East Timor as an important source of cashew (Anacardium occidentale L.) genetic diversity

Lara Guterres^1,2,3, João Barnabé^2,4, André Barros⁵, Alberto Bento Charrua^1,2,6, Maria Cristina Duarte⁴, Maria M. Romeiras^2,4, Filipa Monteiro ^2,4

1Nova School of Business and Economics, Campus de Carcavelos, Universidade Nova de Lisboa, Cascais, Portugal

2LEAF—Linking Landscape, Environment, Agriculture and Food Research Center, Associated Laboratory TERRA, School of Agriculture (ISA), University of Lisbon, Lisbon, Portugal

3Universidade Nacional Timor Lorosa’e (UNTL), Díli, East-Timor

4cE3c—Centre for Ecology, Evolution and Environmental Changes & CHANGE—Global Change and Sustainability Institute, Faculty of Sciences, University of Lisbon, Lisbon, Portugal

5Innate Immunity and Inflammation Laboratory, Instituto Gulbenkian de Ciência (IGC), Oeiras, Portugal

6Department of Earth Sciences and Environment, Faculty of Science and Technology, Licungo University, Beira, Mozambique

DOI: 10.7717/peerj.14894

Published: 2023-04-24
Accepted: 2023-01-24
Received: 2022-04-28

Academic Editor: Mohan Lal

Subject Areas: Agricultural Science, Genetics, Plant Science, Population Biology
Keywords: Genetic diversity, SSRs, Population structuring, Southeast Asia, Diversity hotspots

Copyright: © 2023 Guterres et al.
Licence: This is an open access article distributed under the terms of the Creative Commons Attribution License, which permits unrestricted use, distribution, reproduction and adaptation in any medium and for any purpose provided that it is properly attributed. For attribution, the original author(s), title, publication source (PeerJ) and either DOI or URL of the article must be cited.

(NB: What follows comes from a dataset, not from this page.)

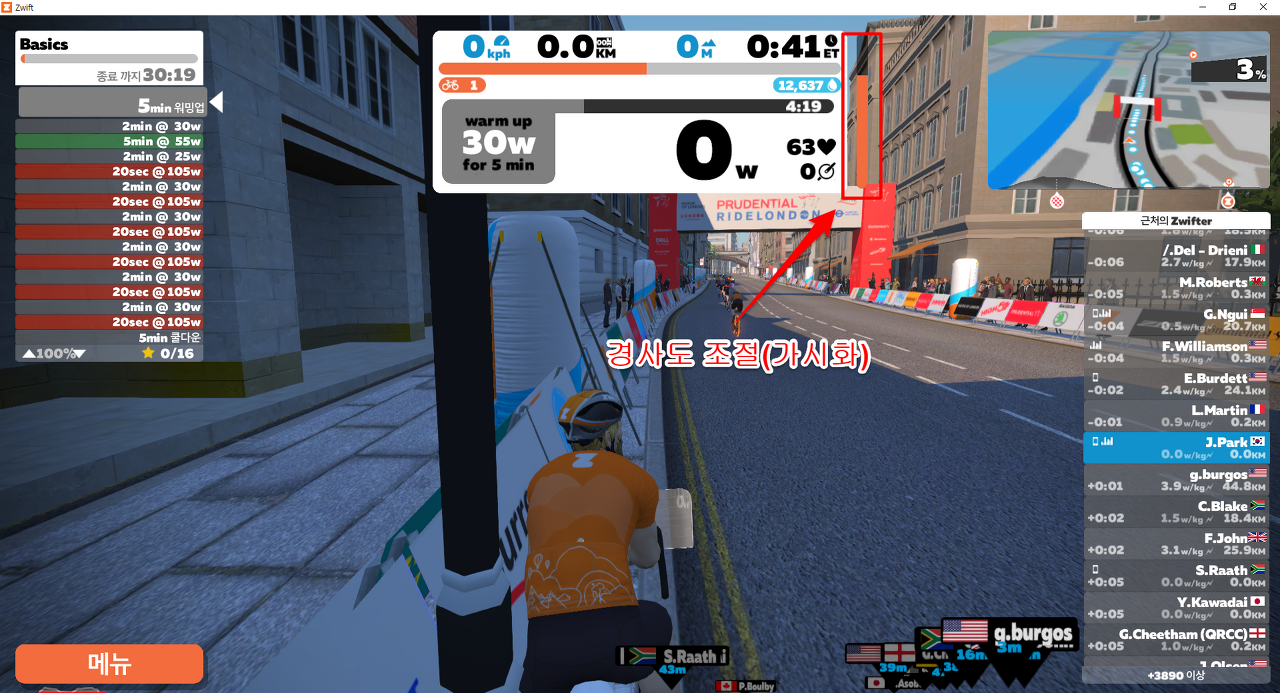 실내 라이딩을 하면서 페달링이 너무 가볍다라고 생각되면 경사도 조절을 이용하여 변경이 가능합니다. 모바일/패드에서는 조절이 가능한데, PC에서는 조절이 안되네요. (단순히 인터페이스 변경된 부분만 가시화 되고 있습니다. )
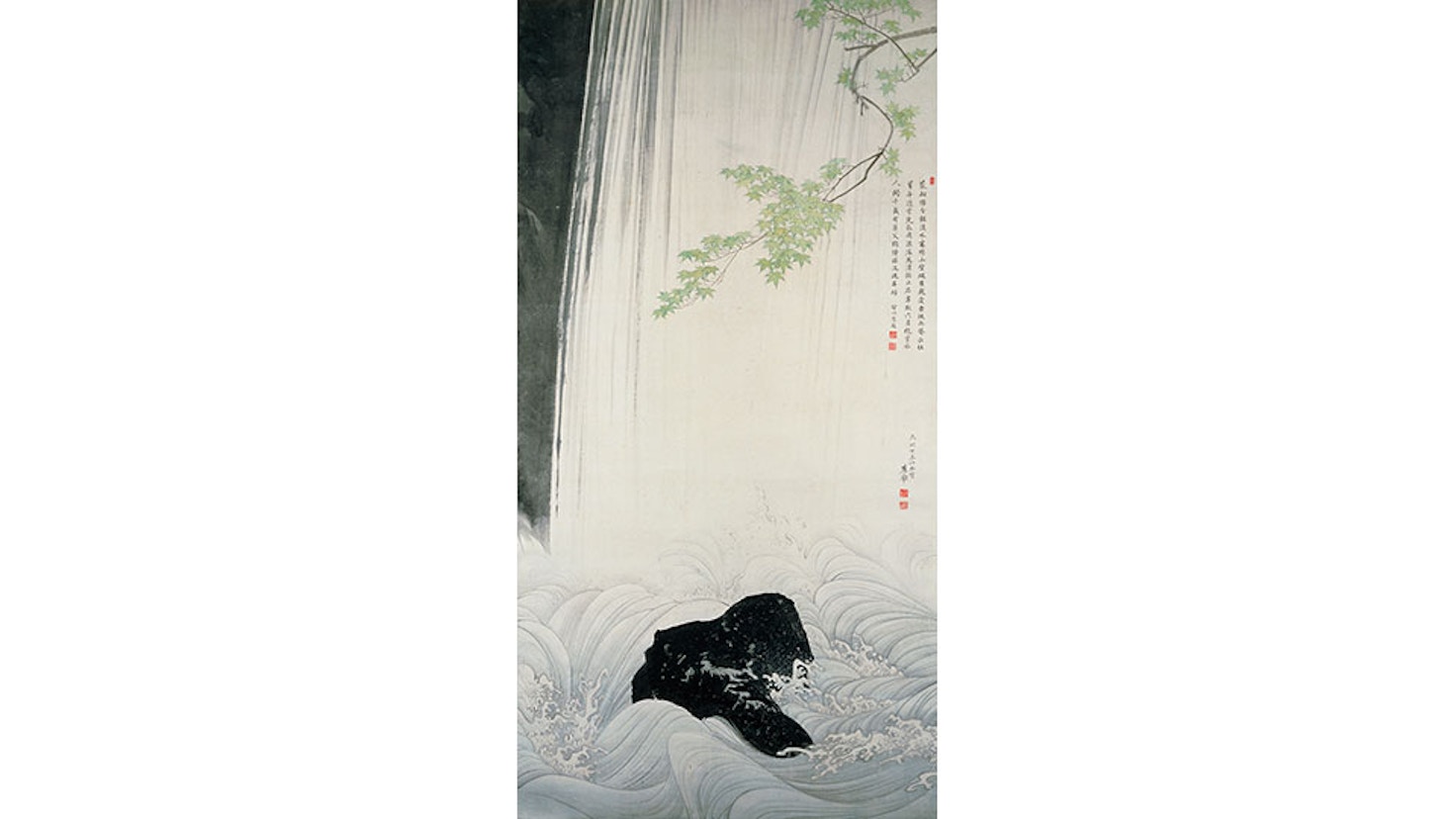 後半では、持ち主の趣向を感じさせる《旅枕花入(たびまくらはないれ)》など、やきものの多彩な表情に注目する「第4章:景色をさがす」、現代では縁遠くなってしまった和歌を楽しめるよう解説する「第5章:和歌でわかる」、そして「第6章:風景にはいる」では、風景画に描かれ、絵のなかの物語を見る者に想像させる「点景人物(てんけいじんぶつ)」を案内人として、歌川広重、池大雅、雪舟などの作品を展示する。

Cite this article: Guterres L, Barnabé J, Barros A, Charrua AB, Duarte MC, Romeiras MM, Monteiro F. 2023. East Timor as an important source of cashew (Anacardium occidentale L.) genetic diversity. PeerJ 11:e14894 https://doi.org/10.7717/peerj.14894

The authors have chosen to make the review history of this article public.

Abstract

Background

Cashew (Anacardium occidentale L.) is a crop currently grown in several tropical countries because of the economic importance of cashew nuts. Despite its enormous economic worth, limited research has been conducted on the molecular diversity of cashew genetic resources. In this study, a wide comprehensive assessment of the genetic diversity of cashew trees in East Timor was performed using microsatellites (SSRs) to evaluate intraspecific diversity and population structuring.

Methods

A total of 207 individual cashew trees, including trees from East Timor (11), and outgroup populations from Indonesia (one) and Mozambique (two), were analyzed with 16 cashew-specific SSRs. A comprehensive sampling of cashew trees within East Timor was performed, covering the distribution of cashew orchards in the country. Genetic diversity indices were calculated, and population structuring was determined using three different approaches: genetic distances (UPGMA and NJ), AMOVA, and individual-based clustering methods through Bayesian (STRUCTURE) and multivariate (DAPC) analyses.

Results

The population structuring analysis revealed that the genetic diversity of cashew populations in East Timor was higher in this study than previously reported for cashew trees. A higher allelic richness was found within cashew populations in East Timor compared with the outgroup populations (Mozambique and Indonesia), reinforced by the presence of private alleles. Moreover, our study showed that cashew populations in East Timor are grouped into two dissimilar genetic groups, which may suggest multiple cashew introductions over time. These new cashew genetic resources could be explored for future crop improvement.

Conclusions

Crop diversity underpins the productivity, resilience, and adaptive capacity of agriculture. Therefore, this study provides useful information regarding genetic diversity and population structure that can be harnessed to improve cashew production in East Timor. This data is also important to creating a country-specific genetic cashew signature to increase cashew market value.

Introduction

Cashew (Anacardium occidentale L., Anacardiaceae) is a tropical evergreen tree that can thrive in both dry and wet tropical climates. Many tropical countries use various parts of the cashew tree for consumption as well as for medicinal and industrial purposes (Salehi et al., 2019). Among the various parts of the plant, the cashew kernel has the highest market value and is an export-oriented commodity, also known as a cash crop, in several tropical countries (Monteiro et al., 2015; Monteiro et al., 2017). The highest cashew-producing countries, mainly in West Africa (Guinea-Bissau and Côte d’Ivoire) and Southeast Asia (India and Vietnam), focus primarily on exporting the nuts, which are the primary source of income derived from cashew trees for both governments and farmers (Havik et al., 2018). Over the past two decades, a rising worldwide consumption of cashew nuts has led to increased global market demand. Cashews accounted for 17% of world tree nut production in 2019/20, making it the third most popular tree nut after almonds and walnuts (International Nut and Dried Fruit Council Foundation, 2020). The recent popularity of cashews is mainly attributed to a trend towards healthier food habits. As a rich source of plant-based protein and dietary minerals, and because of their low-fat content, cashews have become one of the most produced and valued tree nuts worldwide, together with almonds, pistachios, and walnuts (Pradhan, Peter & Dileep, 2020).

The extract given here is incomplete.